# [Data to examine]
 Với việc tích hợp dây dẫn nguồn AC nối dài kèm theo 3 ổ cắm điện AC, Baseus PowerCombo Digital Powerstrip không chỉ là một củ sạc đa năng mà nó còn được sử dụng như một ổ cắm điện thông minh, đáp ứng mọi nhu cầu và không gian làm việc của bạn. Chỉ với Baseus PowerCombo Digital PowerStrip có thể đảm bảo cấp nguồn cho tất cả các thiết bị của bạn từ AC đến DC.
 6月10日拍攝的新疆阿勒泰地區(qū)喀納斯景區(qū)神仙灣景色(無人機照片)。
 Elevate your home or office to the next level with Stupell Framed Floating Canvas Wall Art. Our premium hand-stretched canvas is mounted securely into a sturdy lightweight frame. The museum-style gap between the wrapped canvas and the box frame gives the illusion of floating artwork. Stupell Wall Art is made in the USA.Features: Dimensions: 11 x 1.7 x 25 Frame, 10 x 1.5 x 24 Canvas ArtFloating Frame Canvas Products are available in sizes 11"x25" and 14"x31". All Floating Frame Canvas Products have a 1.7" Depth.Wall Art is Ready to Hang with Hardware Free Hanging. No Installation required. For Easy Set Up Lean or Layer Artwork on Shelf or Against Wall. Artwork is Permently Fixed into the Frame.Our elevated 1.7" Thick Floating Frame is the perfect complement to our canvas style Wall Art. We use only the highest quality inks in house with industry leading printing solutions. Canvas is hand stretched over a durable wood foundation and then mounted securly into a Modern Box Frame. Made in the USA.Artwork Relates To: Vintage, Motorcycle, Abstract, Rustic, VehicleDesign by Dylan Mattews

* * *

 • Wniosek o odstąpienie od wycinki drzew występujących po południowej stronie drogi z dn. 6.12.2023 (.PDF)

# [Aim of the exercise]
Produce only the lines from the line containing "6月10日拍攝的新疆阿勒泰地" through the line containing "Elevate your home", inclusive of both, exactly as they stand in the entries above.

# [Written answer]
 6月10日拍攝的新疆阿勒泰地區(qū)喀納斯景區(qū)神仙灣景色(無人機照片)。
 Elevate your home or office to the next level with Stupell Framed Floating Canvas Wall Art. Our premium hand-stretched canvas is mounted securely into a sturdy lightweight frame. The museum-style gap between the wrapped canvas and the box frame gives the illusion of floating artwork. Stupell Wall Art is made in the USA.Features: Dimensions: 11 x 1.7 x 25 Frame, 10 x 1.5 x 24 Canvas ArtFloating Frame Canvas Products are available in sizes 11"x25" and 14"x31". All Floating Frame Canvas Products have a 1.7" Depth.Wall Art is Ready to Hang with Hardware Free Hanging. No Installation required. For Easy Set Up Lean or Layer Artwork on Shelf or Against Wall. Artwork is Permently Fixed into the Frame.Our elevated 1.7" Thick Floating Frame is the perfect complement to our canvas style Wall Art. We use only the highest quality inks in house with industry leading printing solutions. Canvas is hand stretched over a durable wood foundation and then mounted securly into a Modern Box Frame. Made in the USA.Artwork Relates To: Vintage, Motorcycle, Abstract, Rustic, VehicleDesign by Dylan Mattews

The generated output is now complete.